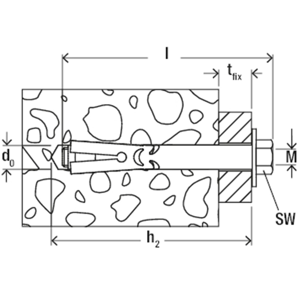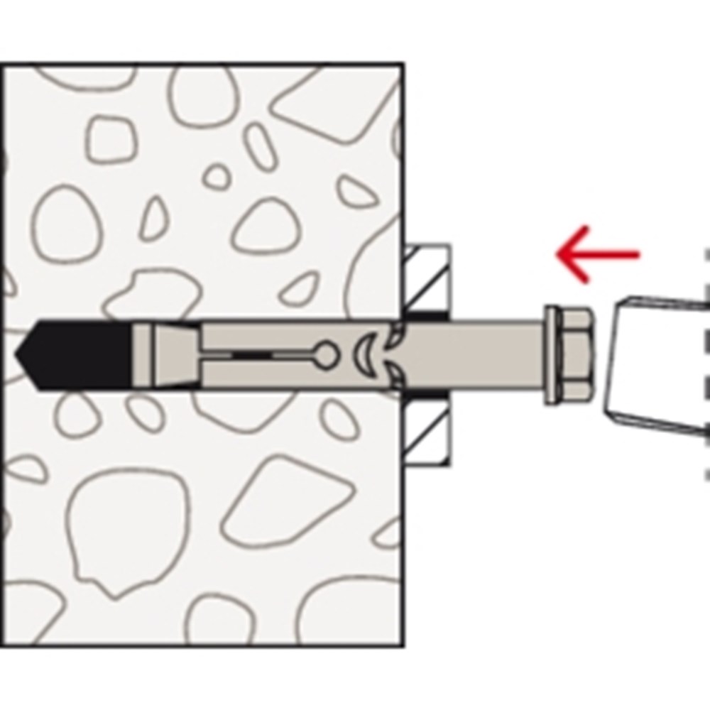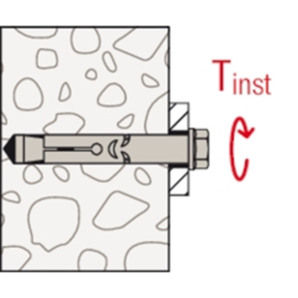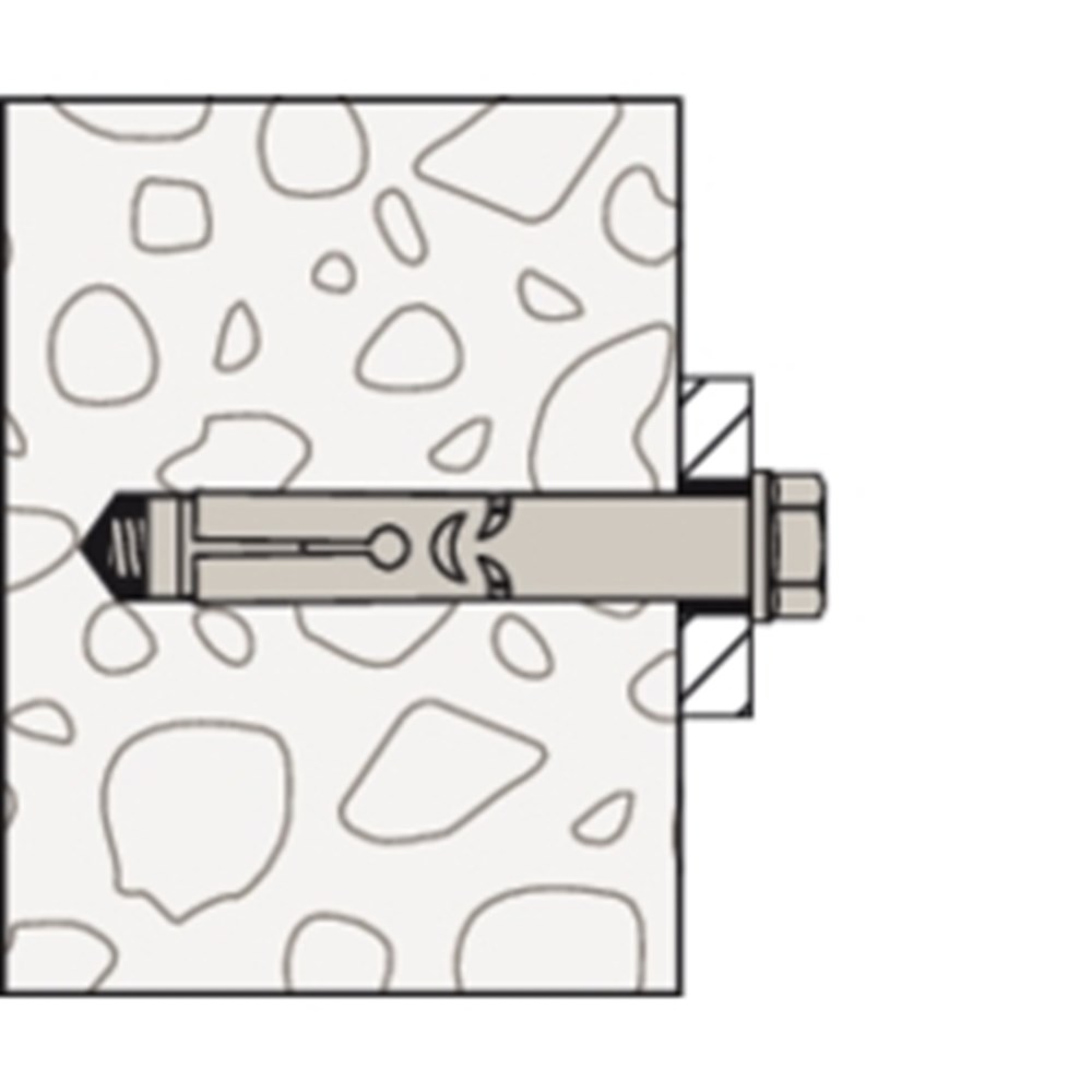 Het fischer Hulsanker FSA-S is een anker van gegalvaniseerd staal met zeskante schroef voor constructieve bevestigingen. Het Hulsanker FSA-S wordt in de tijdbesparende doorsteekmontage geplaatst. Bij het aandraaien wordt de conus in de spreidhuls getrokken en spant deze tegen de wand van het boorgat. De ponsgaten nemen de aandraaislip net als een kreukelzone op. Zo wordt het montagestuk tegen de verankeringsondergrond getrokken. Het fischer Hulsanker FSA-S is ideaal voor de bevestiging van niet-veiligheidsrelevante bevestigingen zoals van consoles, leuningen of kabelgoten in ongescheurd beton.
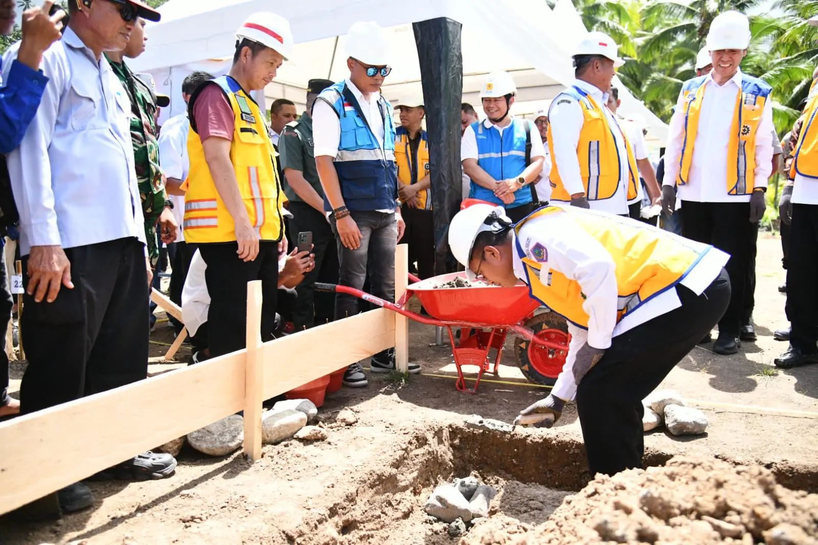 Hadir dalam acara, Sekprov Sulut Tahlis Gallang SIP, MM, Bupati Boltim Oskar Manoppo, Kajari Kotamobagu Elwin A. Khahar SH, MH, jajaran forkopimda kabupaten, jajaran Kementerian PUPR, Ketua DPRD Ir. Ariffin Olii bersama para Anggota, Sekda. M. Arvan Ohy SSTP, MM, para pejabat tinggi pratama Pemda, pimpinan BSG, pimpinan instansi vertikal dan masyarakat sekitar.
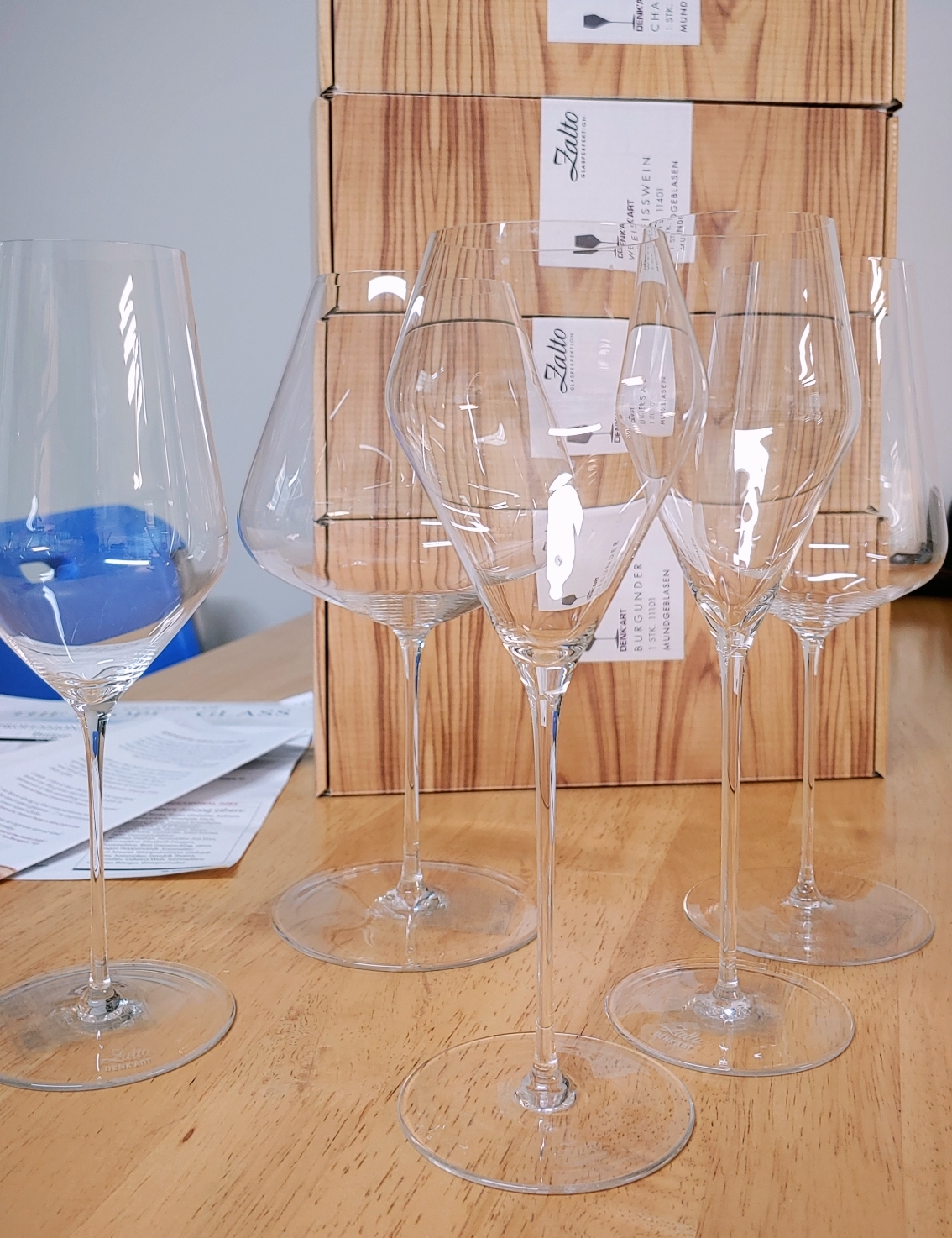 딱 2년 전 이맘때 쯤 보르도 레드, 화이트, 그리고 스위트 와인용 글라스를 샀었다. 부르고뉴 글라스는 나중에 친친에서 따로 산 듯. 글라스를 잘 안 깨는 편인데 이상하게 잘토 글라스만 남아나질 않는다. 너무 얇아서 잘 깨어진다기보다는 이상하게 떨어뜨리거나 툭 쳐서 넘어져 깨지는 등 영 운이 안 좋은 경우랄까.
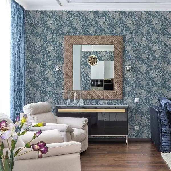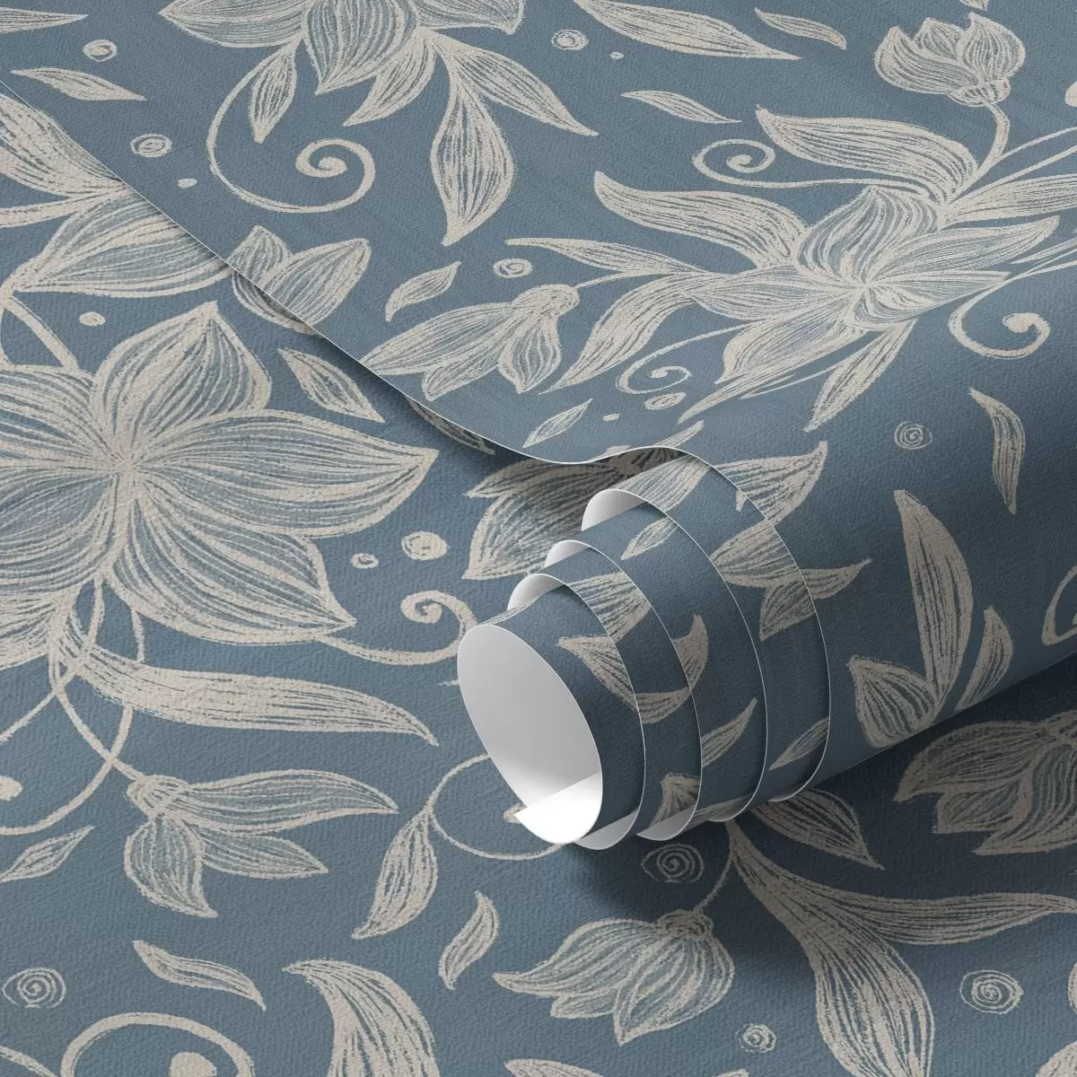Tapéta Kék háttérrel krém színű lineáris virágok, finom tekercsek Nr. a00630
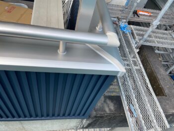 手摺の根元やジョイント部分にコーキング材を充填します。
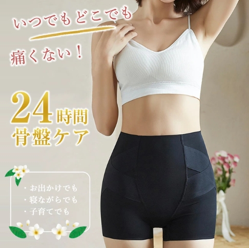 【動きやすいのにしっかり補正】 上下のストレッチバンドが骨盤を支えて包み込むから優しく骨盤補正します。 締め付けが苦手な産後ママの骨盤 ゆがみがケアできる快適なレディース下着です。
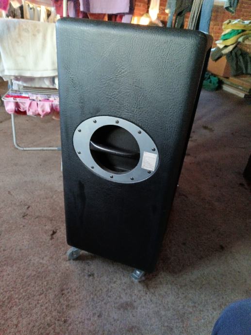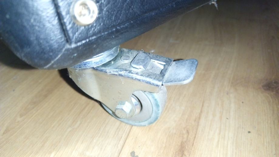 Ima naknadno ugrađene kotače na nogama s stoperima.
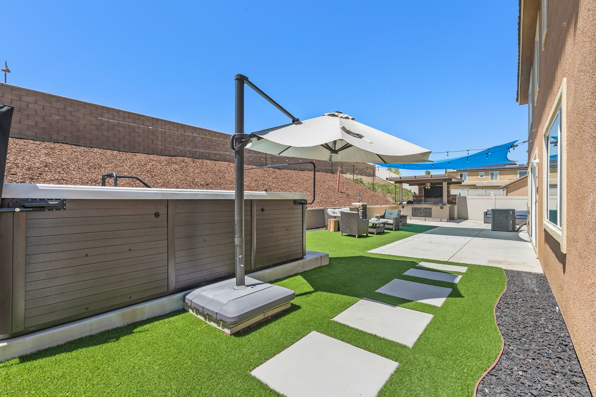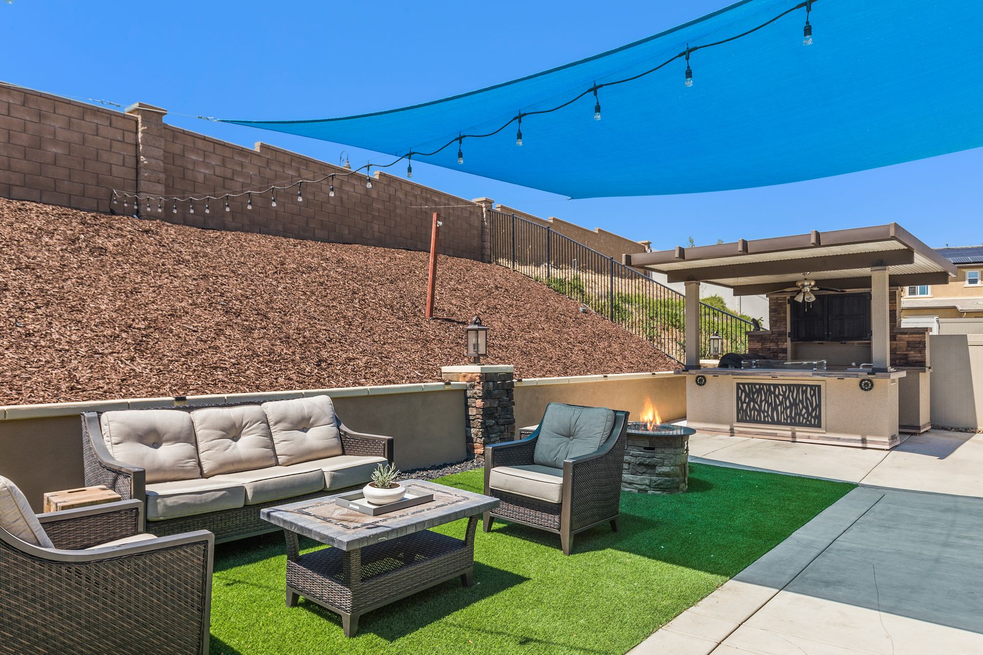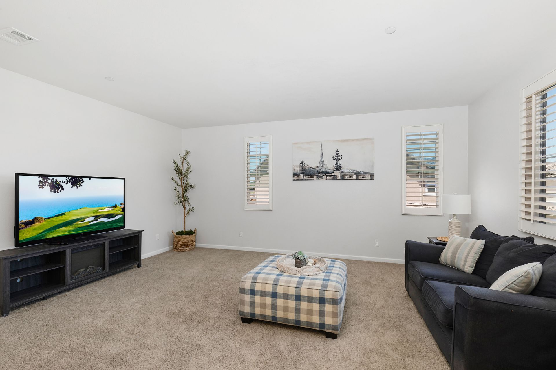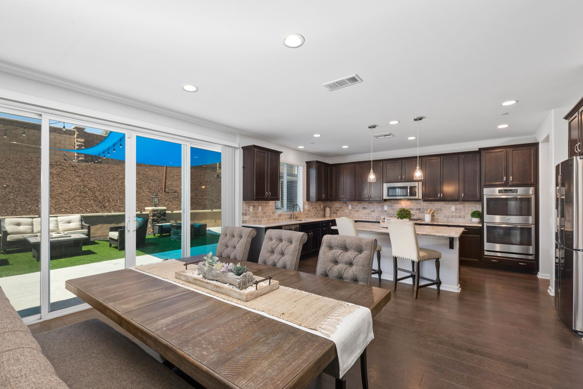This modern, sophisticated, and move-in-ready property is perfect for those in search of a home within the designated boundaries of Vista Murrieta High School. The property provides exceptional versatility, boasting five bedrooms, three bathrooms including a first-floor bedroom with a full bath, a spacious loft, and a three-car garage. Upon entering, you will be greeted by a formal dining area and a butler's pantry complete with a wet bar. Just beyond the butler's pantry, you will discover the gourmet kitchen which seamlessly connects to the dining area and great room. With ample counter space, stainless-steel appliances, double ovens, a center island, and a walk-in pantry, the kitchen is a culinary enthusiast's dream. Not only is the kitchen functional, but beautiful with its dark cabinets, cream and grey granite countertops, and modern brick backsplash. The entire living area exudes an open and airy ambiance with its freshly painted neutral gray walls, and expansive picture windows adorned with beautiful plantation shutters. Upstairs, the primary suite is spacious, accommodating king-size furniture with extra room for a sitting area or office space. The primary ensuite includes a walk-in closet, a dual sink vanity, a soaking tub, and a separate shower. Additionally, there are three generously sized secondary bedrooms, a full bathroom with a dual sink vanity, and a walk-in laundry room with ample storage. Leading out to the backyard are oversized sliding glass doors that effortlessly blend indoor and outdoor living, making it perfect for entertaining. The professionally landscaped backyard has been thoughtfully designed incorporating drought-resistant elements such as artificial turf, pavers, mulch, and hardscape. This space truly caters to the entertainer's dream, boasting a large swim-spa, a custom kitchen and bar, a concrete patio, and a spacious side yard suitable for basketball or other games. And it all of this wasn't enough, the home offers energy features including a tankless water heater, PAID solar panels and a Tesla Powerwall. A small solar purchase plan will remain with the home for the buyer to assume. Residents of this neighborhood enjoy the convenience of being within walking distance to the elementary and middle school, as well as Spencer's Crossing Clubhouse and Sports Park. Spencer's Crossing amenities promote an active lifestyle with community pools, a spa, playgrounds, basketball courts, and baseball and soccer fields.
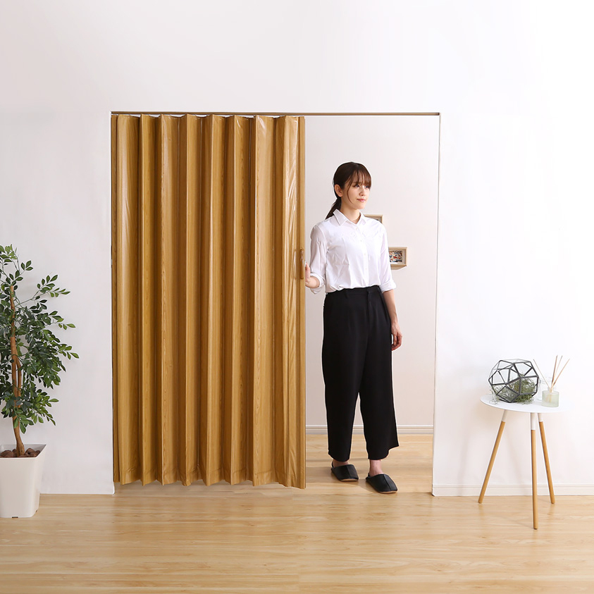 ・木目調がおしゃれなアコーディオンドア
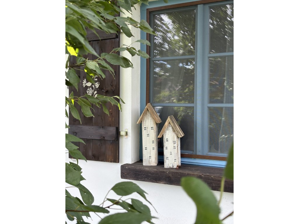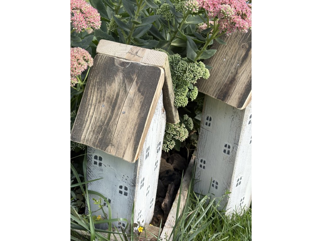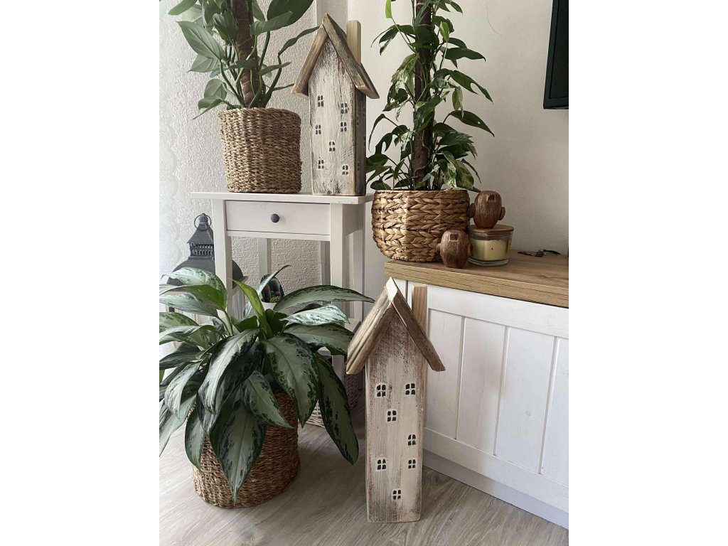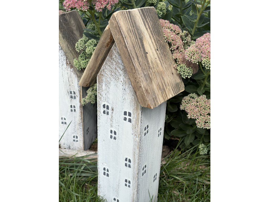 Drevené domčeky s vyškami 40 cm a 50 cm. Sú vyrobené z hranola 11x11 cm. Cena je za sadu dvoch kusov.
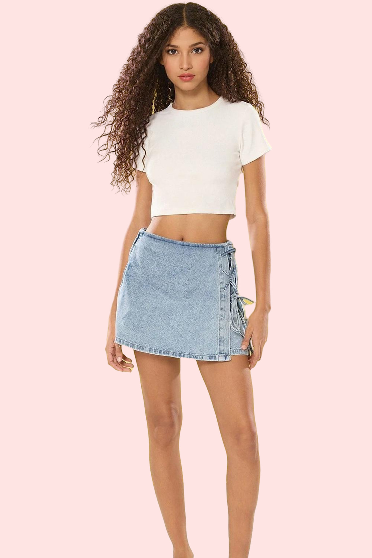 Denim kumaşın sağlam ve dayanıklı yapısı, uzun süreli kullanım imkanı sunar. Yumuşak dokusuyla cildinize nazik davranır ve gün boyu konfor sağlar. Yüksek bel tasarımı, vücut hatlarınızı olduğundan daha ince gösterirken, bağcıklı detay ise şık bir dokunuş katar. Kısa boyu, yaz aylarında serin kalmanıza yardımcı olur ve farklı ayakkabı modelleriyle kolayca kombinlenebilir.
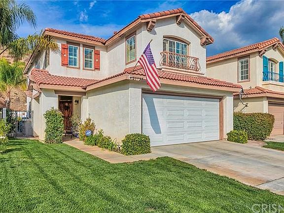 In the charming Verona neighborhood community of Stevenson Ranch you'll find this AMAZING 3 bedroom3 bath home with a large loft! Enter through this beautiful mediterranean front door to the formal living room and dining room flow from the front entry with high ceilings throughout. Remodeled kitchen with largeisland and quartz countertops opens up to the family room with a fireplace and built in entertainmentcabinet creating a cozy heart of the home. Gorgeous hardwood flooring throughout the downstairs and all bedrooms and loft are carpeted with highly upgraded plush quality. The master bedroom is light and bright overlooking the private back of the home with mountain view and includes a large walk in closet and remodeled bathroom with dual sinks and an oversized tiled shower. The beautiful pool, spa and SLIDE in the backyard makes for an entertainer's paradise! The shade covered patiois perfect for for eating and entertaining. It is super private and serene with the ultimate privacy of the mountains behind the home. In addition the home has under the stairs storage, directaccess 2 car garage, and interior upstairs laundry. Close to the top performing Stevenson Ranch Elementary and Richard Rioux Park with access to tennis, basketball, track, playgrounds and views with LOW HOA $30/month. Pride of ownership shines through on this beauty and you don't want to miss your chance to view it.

■ EXERCISE OBJECTIVE
Reproduce the listing above from the line that holds "딱 2년 전 이맘때 쯤" through the line that holds "Ima naknadno ugrađene", both included, with the pictures left out.

■ TASK ANSWER
 딱 2년 전 이맘때 쯤 보르도 레드, 화이트, 그리고 스위트 와인용 글라스를 샀었다. 부르고뉴 글라스는 나중에 친친에서 따로 산 듯. 글라스를 잘 안 깨는 편인데 이상하게 잘토 글라스만 남아나질 않는다. 너무 얇아서 잘 깨어진다기보다는 이상하게 떨어뜨리거나 툭 쳐서 넘어져 깨지는 등 영 운이 안 좋은 경우랄까.
Tapéta Kék háttérrel krém színű lineáris virágok, finom tekercsek Nr. a00630
 手摺の根元やジョイント部分にコーキング材を充填します。
 【動きやすいのにしっかり補正】 上下のストレッチバンドが骨盤を支えて包み込むから優しく骨盤補正します。 締め付けが苦手な産後ママの骨盤 ゆがみがケアできる快適なレディース下着です。
 Ima naknadno ugrađene kotače na nogama s stoperima.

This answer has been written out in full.